Freshwater scarcity driven by population growth, industrialization, climate change, and contamination has accelerated adoption of membrane-based desalination, particularly reverse osmosis. A major challenge is membrane fouling, which reduces flux and selectivity and necessitates chemical cleaning with environmental and durability drawbacks. Smart, stimuli-responsive membranes have been explored to provide tunable permeability, selectivity, and antifouling behavior via triggers such as temperature, light, pH, and fields. This study proposes a fundamentally different approach by embedding thermosalient (TS) organic crystals into a polymer coating on porous supports to impart dynamic, thermally activated mechanical actuation. The research question is whether integrating TS crystals that undergo rapid, reversible mechanical response slightly above room temperature can enable self-cleaning (foulant removal) and enhance mass transfer in desalination while maintaining high salt rejection, thereby extending membrane operational lifetime. Using 1,2,4,5-tetrabromobenzene (TBB) crystals embedded in a crosslinked PVA hydrogel on PVDF supports, the work evaluates flux, antifouling behavior, and stability in osmotic distillation (OD) and direct contact membrane distillation (DCMD), and investigates the gating mechanism and surface/property changes underpinning performance.

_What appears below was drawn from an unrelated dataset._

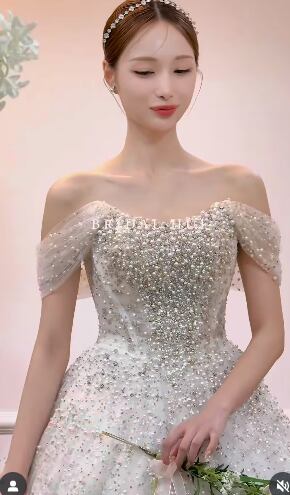 上品!オフホワイト キラキラチュール 3D立体レース刺繍 プリンセスライン 前撮り/花嫁/結婚式/披露宴/

Prior work on smart gating membranes drew inspiration from biological ion channels and has demonstrated self-modulation of pore size/surface properties via temperature, light, pH, magnetic/electric fields, and specific ions/molecules. Hybrid gating membranes have been realized by coupling stimuli-responsive materials with porous supports or via surface functionalization. Hydrogels, in particular, enable switchable membranes with high permeation and ion rejection and have been explored for thermal cleaning and antifouling via microgels (e.g., PNIPAM-based systems). Thermosalient crystals represent a distinct class of dynamic crystalline materials that convert heat to mechanical work on millisecond scales via martensitic phase transitions, with applications in actuation, fuses, and thermal sensors. Stabilizing these crystals within soft matrices (hydrogels/polymers) enables cyclic operation. However, to date there have been no reports of membranes leveraging the TS effect for self-cleaning and flux enhancement. This work situates TS-crystal-embedded membranes within this context, comparing to thermoresponsive microgel membranes while highlighting the unique mechanical actuation-driven gating and antifouling behavior observed here.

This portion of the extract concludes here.